The Quiet Contrarian Insight
In a landscape obsessed with flexibility and “AI that can do everything,” this panel offered a quieter, more durable insight:
The path from prototype to product isn’t paved with more general intelligence. It’s paved with tighter workflows, clearer assumptions, and intentional constraints.
2. Control Over the Environment Determines Feasibility
Another sharp dividing line between prototypes and real products emerged quickly in this panel: how much control the system has over its environment.
Across very different domains—product workflows, enterprise systems, and creative tooling—the same pattern repeated:
“AI systems perform dramatically better when the environment is constrained.”
When teams control:
The inputs.
The structure of the task.
The available actions.
The shape of the output.
AI systems feel capable, reliable, and even “smart.” When they don’t, reliability collapses fast.
AI Thrives in Structured Worlds
Several speakers described how early success almost always happened in environments where:
Inputs were owned or normalized.
Patterns are repeated frequently.
Constraints were known ahead of time.
Failure modes were visible and enumerable.

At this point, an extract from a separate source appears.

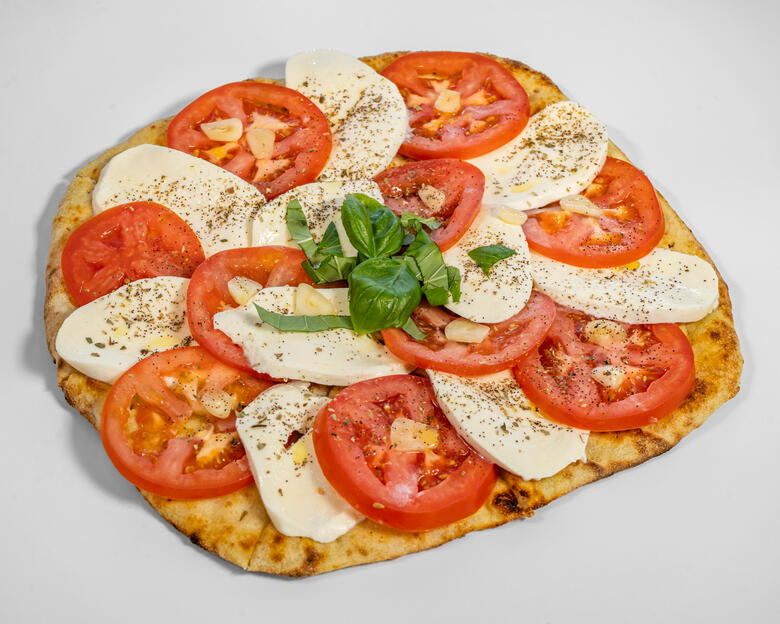 Sliced tomatoes, Fior Di Latte, arugula, basil, balsamic vinegar, olive oil.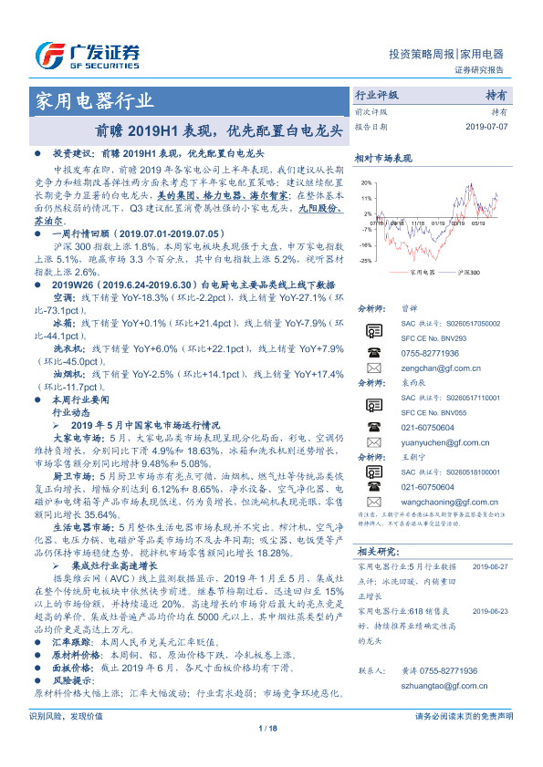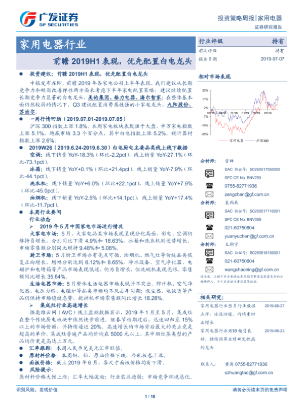 【广发证券】【20190707】家用电器行业:前瞻2019H1表现,优先配置白电龙头-18页

In these settings, models didn’t need to reason from first principles every time. They could operate within guardrails.
As Aiden Bai noted, many early prototypes feel magical precisely because they live in these controlled worlds. The system works on clean data, predictable tasks, and narrow problem definitions. It’s not that the model is unusually capable—it’s that the environment is unusually forgiving.

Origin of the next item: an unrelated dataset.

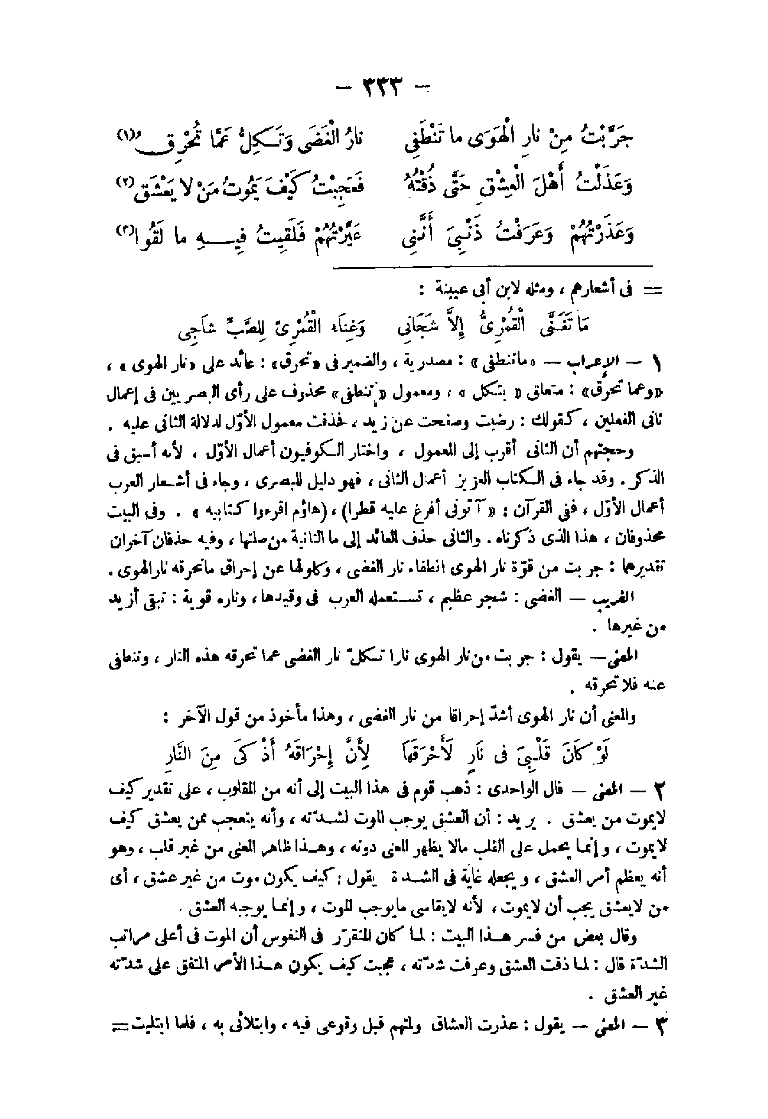 - الْإِعْرَاب مَا تنطقى مَصْدَرِيَّة وَالضَّمِير فى تحرق عَائِد على نَار الْهوى وَعَما تحرق مُتَعَلق بتكل ومعمول تنطفى مَحْذُوف على رأى الْبَصرِيين فى إِعْمَال ثانى الْفِعْلَيْنِ كَقَوْلِك رضيت وصفحت عَن زيد فحذفت مَعْمُول الأول لدلَالَة الثانى عَلَيْهِ وحجتهم أَن الثانى أقرب إِلَى الْمَعْمُول وَاخْتَارَ الْكُوفِيُّونَ إِعْمَال الأول لِأَنَّهُ أسبق فى الذّكر وَقد جَاءَ فى الْكتاب الْعَزِيز إِعْمَال الثانى فَهُوَ دَلِيل للبصرى وَجَاء فى أشعار الْعَرَب إِعْمَال الأول ففى الْقُرْآن {آتوني أفرغ عَلَيْهِ قطرا} {هاؤم اقْرَءُوا كِتَابيه} وفى الْبَيْت محذوفان هَذَا الذى ذَكرْنَاهُ والثانى حذف الْعَائِد إِلَى مَا الثَّانِيَة من صلتها وَفِيه حذفان آخرَانِ تقديرهما جربت من قُوَّة نَار الْهوى انطفاء نَار الغضى وكلو لَهَا عَن إحراق مَا تحرقه نَار الْهوى الْغَرِيب الغضى شجر عَظِيم تستعمله الْعَرَب فى وقيدها وناره قَوِيَّة تبقى أَزِيد من غَيرهَا الْمَعْنى يَقُول جربت من نَارا الْهوى تكل الغضى عَمَّا تحرقه هَذِه النَّار وتنطفى عَنهُ فَلَا تحرقه وَالْمعْنَى أَن نَار الْهوى أَشد إحراقا من نَار الغضى وَهَذَا مَأْخُوذ من قَول الآخر

This creates a dangerous illusion.
Leaving the Sandbox Is Where Things Break
The moment these systems leave controlled environments, cracks appear.
Matthew Rastovac spoke directly to this from an enterprise perspective. Once AI systems interact with real customer data, real workflows, and real organizational complexity, unpredictability spikes. Inputs aren’t clean. Processes aren’t linear. Edge cases aren’t rare—they’re constant.
Enterprise systems introduce:
Inconsistent schemas.
Legacy workflows.
Partial permissions.
Conflicting sources of truth.
Human-driven exceptions.
In those conditions, even strong models struggle—not because they lack intelligence, but because they’re being asked to operate without a stable frame of reference.
Arbitrary Inputs Are the Enemy of Reliability
This challenge becomes even more pronounced in domains like code, content, and knowledge work.
Josh Payne described how systems that worked well on curated examples failed once exposed to the diversity of real customer data. What looked robust in testing collapsed under the weight of:
Messy inputs.
Inconsistent structure.
Unclear user intent.
These failures weren’t dramatic crashes. They were subtle. Outputs were “almost” right—just wrong enough to erode trust.
And because the failures were inconsistent, they were hard to debug and even harder to explain to users.
Toy Examples Hide Real Constraints
One of the most consistent failure modes discussed on the panel was over-reliance on toy examples.
Many impressive prototypes fail because:
They’re built on idealized data.
They assume cooperative users.
They ignore edge cases.
They avoid ambiguous scenarios.
These prototypes answer the question: “Can the model do this?”
Production systems must answer a harder one: “Can the system do this reliably, every day, for imperfect users, under imperfect conditions?”
That gap is where most AI products fail.
Environmental Control Beats Model Power
A key insight from the panel was that model capability is often the wrong lever to pull.
Teams instinctively respond to failures by:
Switching models.
Increasing context windows.
Tuning prompts.
Layering complexity.
But as multiple speakers emphasized, these changes rarely fix the root problem. The issue is not intelligence—it’s exposure.
Systems fail because:
They’re asked to handle arbitrary inputs.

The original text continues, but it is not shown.